Ad (i): handtekening
4. [appellant] heeft als (partij)getuige verklaard:
‘Ik huur zzp’ers in die ik altijd een overeenkomst van opdracht laat tekenen. Dat is een standaardovereenkomst zoals de overeenkomst die ik in deze procedure heb overgelegd. Ik bewaarde deze overeenkomsten destijds alleen digitaal. De overeenkomst met [geïntimeerde] is getekend op de locatie [locatie] in [plaats]. Ik had daar een kantoor. [geïntimeerde] kwam bij mij op kantoor, samen met een aantal andere zzp’ers, onder andere [A] . [A] was dus ook aanwezig op 2 december 2014 toen [geïntimeerde] de overeenkomst ondertekende. Na ondertekening heb ik de overeenkomst gescand en digitaal opgeslagen. We zaten aan een grote tafel. [A] heeft eenzelfde overeenkomst ondertekend.
(…)
Ik weet niet of [A] op dezelfde dag eenzelfde overeenkomst heeft ondertekend. Ik weet wel dat [A] erbij aanwezig was toen [geïntimeerde] de overeenkomst ondertekende.
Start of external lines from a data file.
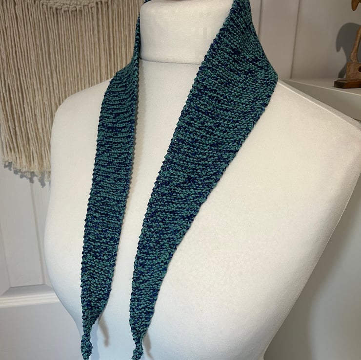 Aqua and dark blue shimmer Cotton Mix Yarn Handknitted Neckerchief 100cms long
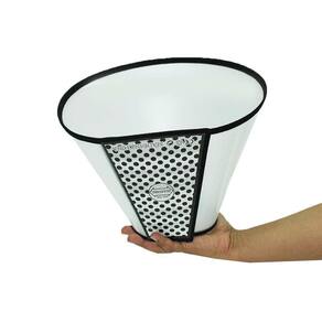 Colar Elizabetano Chalesco Tamanho 3 - Indicado para cães e gatos; - Ideal para tratamento pós cirúrgicos; - Auxilia nos cuidados com o pet; - Bordas com acabamento em nylon; - Fácil utilização. O Colar Elizabetano Chalesco é de uso veterinário e recomendado para o pós operatório, aplicação de algum ou curativo afim de evitar que o animal lamba ou cutuque o local e evitar alguma piora ou até mesmo infecção. Ao ficar preso no pescoço, não restringe os movimentos, super fácil de colocar no pet e não causa irritação na pele. O Colar Elizabetano Chalesco auxilia no tratamento com de uso externo ou pós cirúrgicos, evita o contato do pet com o local atingido. Medidas aproximadas Colar Elizabetano nº3: Espessura: 2mm Largura: 22cm Comprimento: 42cm Circunferência Pescoço: 23 à 27 Verifique o tamanho do pescoço do animal e escolha o modelo correto para não machucar e muito menos escapar.
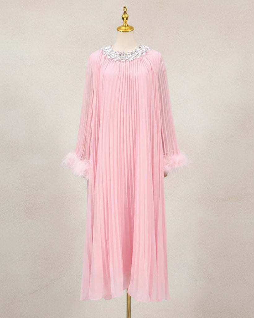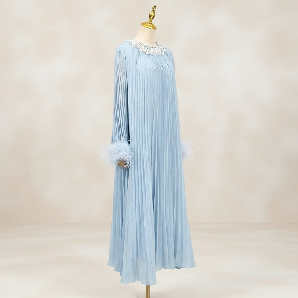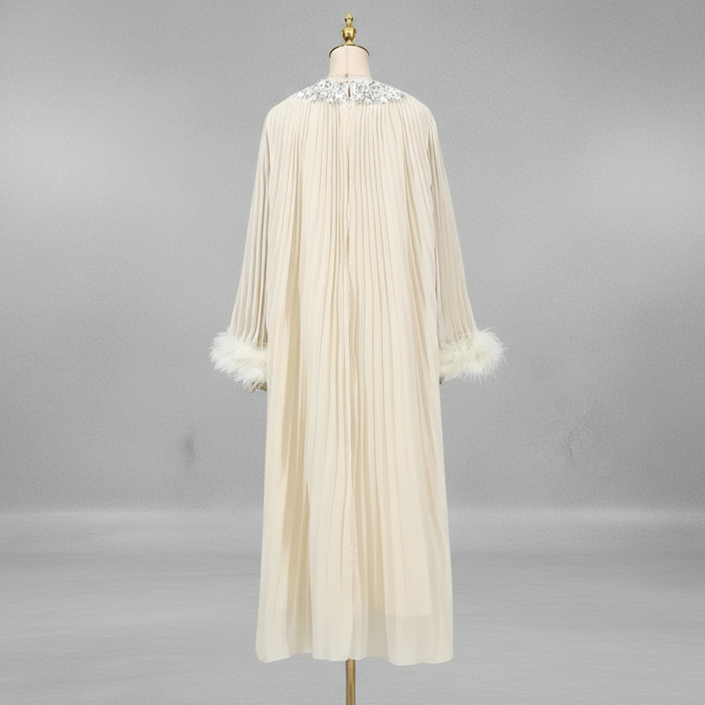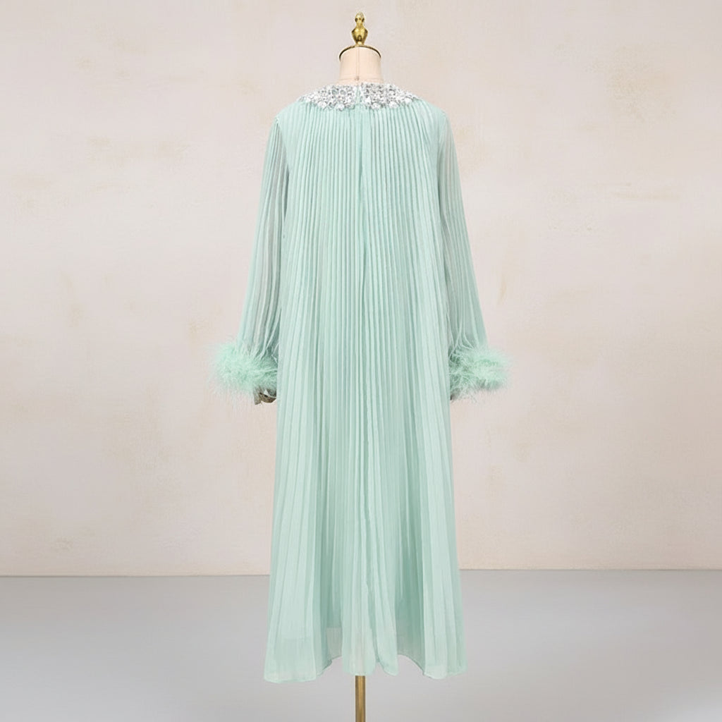 An elegant pleated plissé midi dress designed for special occasions. The round neckline features a sparkling rhinestone collar, while long sleeves finish with feather-trimmed cuffs.
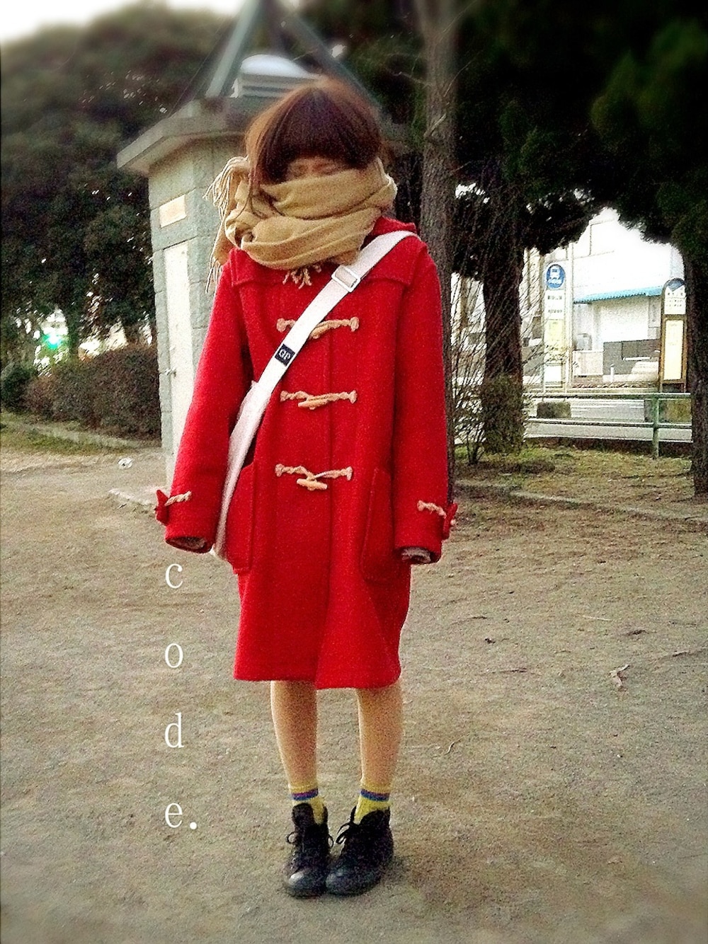 お久しぶりです ▽ ダッフル : I am I(used) ▼ かばん : B-shop ▽ マフラー : 古着 ▼ 靴下 : 靴下屋 ▽ 靴 : コンバース

De jongens kwamen bij mij op het werk. (…) Op het moment dat [geïntimeerde] de overeenkomst ondertekende, waren er nog twee andere personen die arbeidsovereenkomsten hebben ondertekend. Dat waren [B] en [C] . [geïntimeerde] was op dat moment de enige die een overeenkomst van opdracht ondertekende. Ik kan mij dat goed herinneren. Ik denk dat [geïntimeerde] de originele overeenkomst heeft meegenomen. Ik heb het origineel zelf niet bewaard, omdat ik de overeenkomsten digitaal bewaarde. Ik heb de overeenkomst niet aan [geïntimeerde] gemaild.
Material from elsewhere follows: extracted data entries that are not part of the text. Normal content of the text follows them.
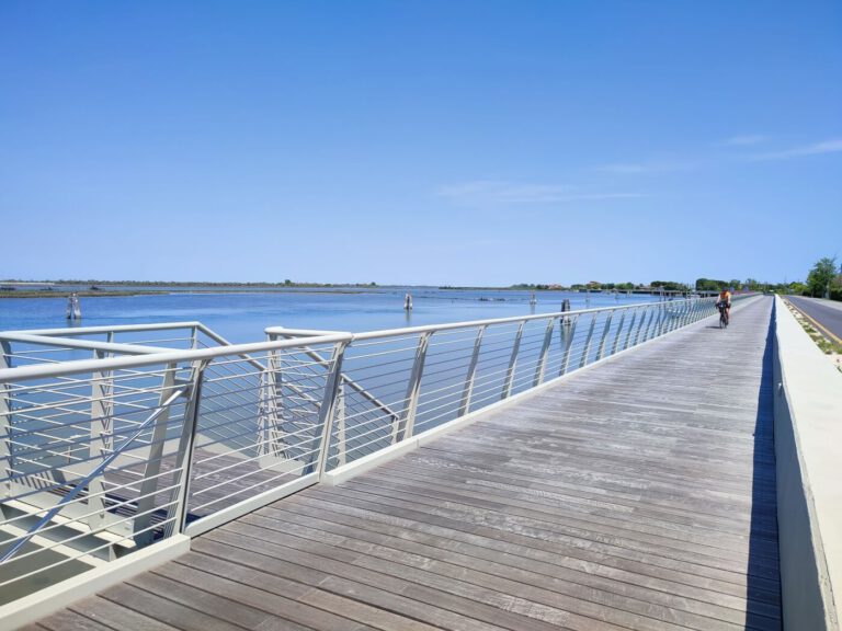 Wir bleiben insgesamt fünf Nächte auf dem 5*-Campingplatz. Das Wetter ist wunderschön, der Strand nicht überfüllt und das Wasser angenehm warm. Wir verbringen die Zeit unter anderem mit unseren SUPs und einer Radtour nach Lio Piccolo, wobei wir auch einen Teil des nagelneuen Radweges entlang der Lagune nach Cavallino befahren.
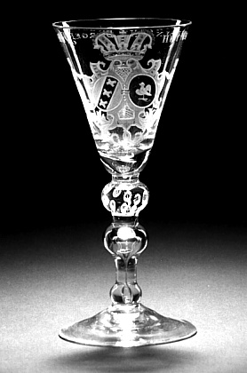 Helder kleurloos glas. Conische voet. Basisknoop. Balusterstam met langgerekte luchtbel en knoop met dubbele rij luchtbellen. Conische kelk. Op kelk een gekroond dubbel cartouche waarin respectievelijk het stadswapen van Amsterdam en een duif, het symbool van het Burgerweeshuis. Aan weerszijden cartouches een weesmeisje en -jongen. Onder mondrand het opschrift: HET WELWEESEN VAN 'T BURGER WEES ...
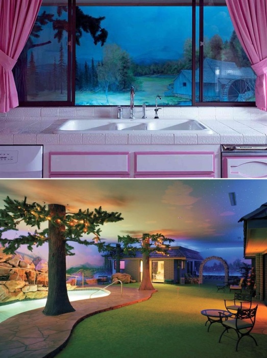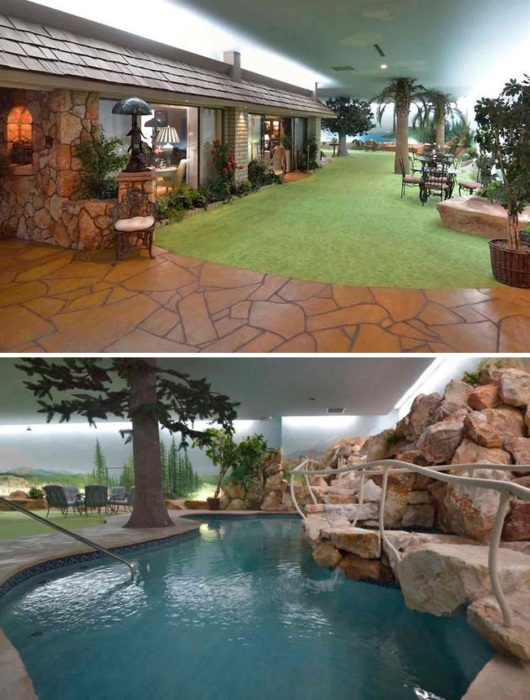 В подземную резиденцию, площадь которой достигает значительных 465 кв. м, можно попасть на лифте и по внутренней лестнице прямо из дома, что очень даже кстати не только в период бомбардировок. Любые народные волнения или налет головорезов владельцам недвижимости с секретом были не страшны. При этом они оказывались не только в полной безопасности, их пребывание было более чем комфортным. Гостиная, столовая, полностью оборудованная кухня, пять спален, шесть ванных комнат, бассейн, живописные пейзажи за «окном», внутренний дворик с искусственной травой, деревьями и цветами, декоративное освещение, имитирующее дневной свет, сумерки, лунный свет, рассвет – здесь есть все, чтобы без проблем и в приятной обстановке пережить любую глобальную катастрофу.

Nu u mij de verklaring voorleest, merk ik op dat ik niet zeker weet wanneer [A] zijn overeenkomst van opdracht heeft ondertekend. Ik zou dat moeten nakijken.’
[A] heeft verklaard:
‘Ik heb als zzp’er voor [appellant] gewerkt in de periode van 2014 tot 2016. U toont mij de overeenkomst van opdracht met de handtekening van [geïntimeerde] eronder. Ik heb eenzelfde overeenkomst ondertekend in 2014. De exacte datum weet ik niet. Ik weet wel dat het op dezelfde dag was waarop [geïntimeerde] de overeenkomst ondertekende. Wij zaten in dezelfde ruimte toen wij de overeenkomsten ondertekenden. Ik kende hem vaag van vroeger. Ik herkende hem toen ik hem bij [appellant] op kantoor zag. Ik heb niet gezien dat [geïntimeerde] getekend heeft, maar ik heb hem wel met een pen in zijn hand gezien. Wij zaten met zijn allen aan een tafel. Ik heb mijn handtekening gezet en ik ben weggegaan. Ik heb een kopie van de overeenkomst meegekregen. Nu u het mij vraagt, weet ik niet of het een kopie of het origineel was. Dat zou ik moeten nakijken. (…)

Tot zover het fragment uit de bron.